Title: Butterfly
Pairing: Colin/Ryan (friendship)
Rating: Strong PG-13
Warnings: Some angst and swearing, plus suicidal themes.
Summary: A man escapes his life for thirty minutes, and wonders what might have been…
Word Count: 1,750
A/N: This idea’s been floating around for a while, so I thought I’d finally spill it out onto paper. (:
~
He enters his apartment, scrubs his face free of rain and throws dampened keys onto the nearby shelf. He leans back against the door and sighs, finally finding solitude in this tiny box-room of a house. It isn’t much, but it’s home.
He shrugs off his coat and kicks his shoes but leaves the clothing on the floor - he’ll pick them up later. The place is looking a lot like a bachelor pad now, even though he hasn’t had a girl - or a guy - up here since the dawn of time.
Scavenging through the cupboard, his hand finds a can of chicken soup, enough for one. Feeling his stomach rumble, he pulls the ring pull and… damn, the ring comes off in his hand, snapping like a twig.
Fuck.
Exasperated now, he goes in search for the tin opener. It lies mutely in the sink, along with dirty dishes that really need cleaning - he’ll wash them later. A pan hangs from a hook above the cooker, looking very much worse for wear and so he settles for this, almost slamming it onto the stove.
The little stove takes forever and a day to warm up, so he goes to find something to do for a while. He checks the clock and in a final and rare moment of joy realises that his favourite TV show would be on in ten minutes. Escapism for half an hour is just what he needs.
Flicking the small television on, he absent-mindedly watches as the news blurs past his eyes - who cares what’s happening in the world, anyway? In his eyes, all news is bad news.
While the newscasters finish up, he goes to check on his soup-for-one. As he transfers the hot liquid from pan to bowl, some spatters onto his hand and sleeve, staining his shirt. He swears, sighs but does nothing about it - he’ll clean it up later.

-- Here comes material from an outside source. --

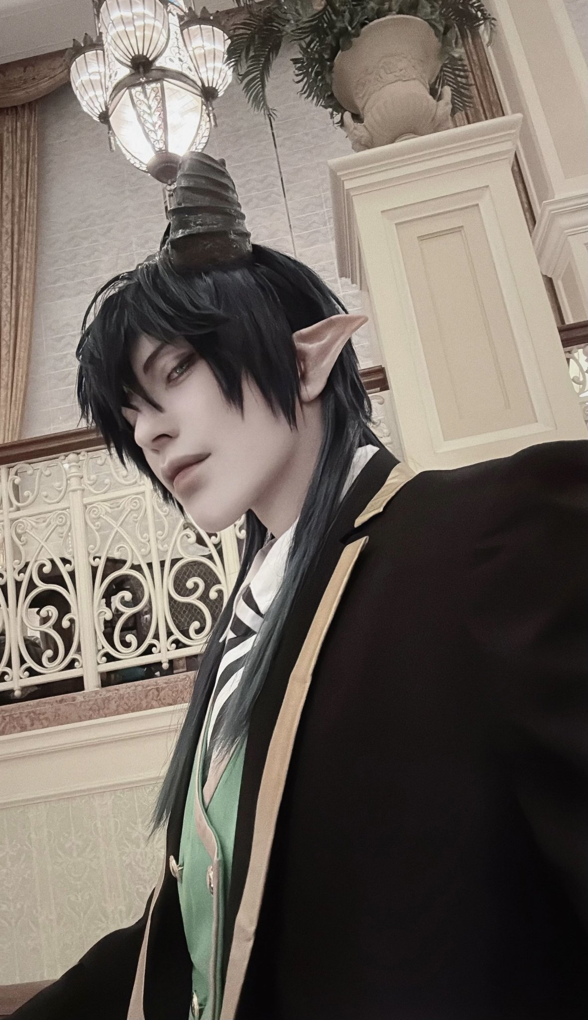 半夜收桌子看到那個很像莉的側紗,拿來搭配一下,確實很莉也配得很好看但我還有點過不了現實那關,腿好赤裸……!

“Good evening everybody and welcome to Whose Line is it Anyway?”
The show begins and his mood brightens beyond joy. Shuffling over to the tatty armchair, the one with the cigarette butts and loose change buried into the cushions, he sits with soup in hand, ready to be entertained.
“On tonight’s show: Silence in court; Brad Sherwood!
I call my first witness; Wayne Brady!
Objection overruled; Greg Proops! And…”
As the camera cuts to Ryan’s face, he notices that the tall performer is pretending to be asleep again. He looks so adorable like that.
“I sentence you to a lifetime of; Ryan Stiles!
Hi, I’m your host Drew Carey, come on down and let’s have some fun!”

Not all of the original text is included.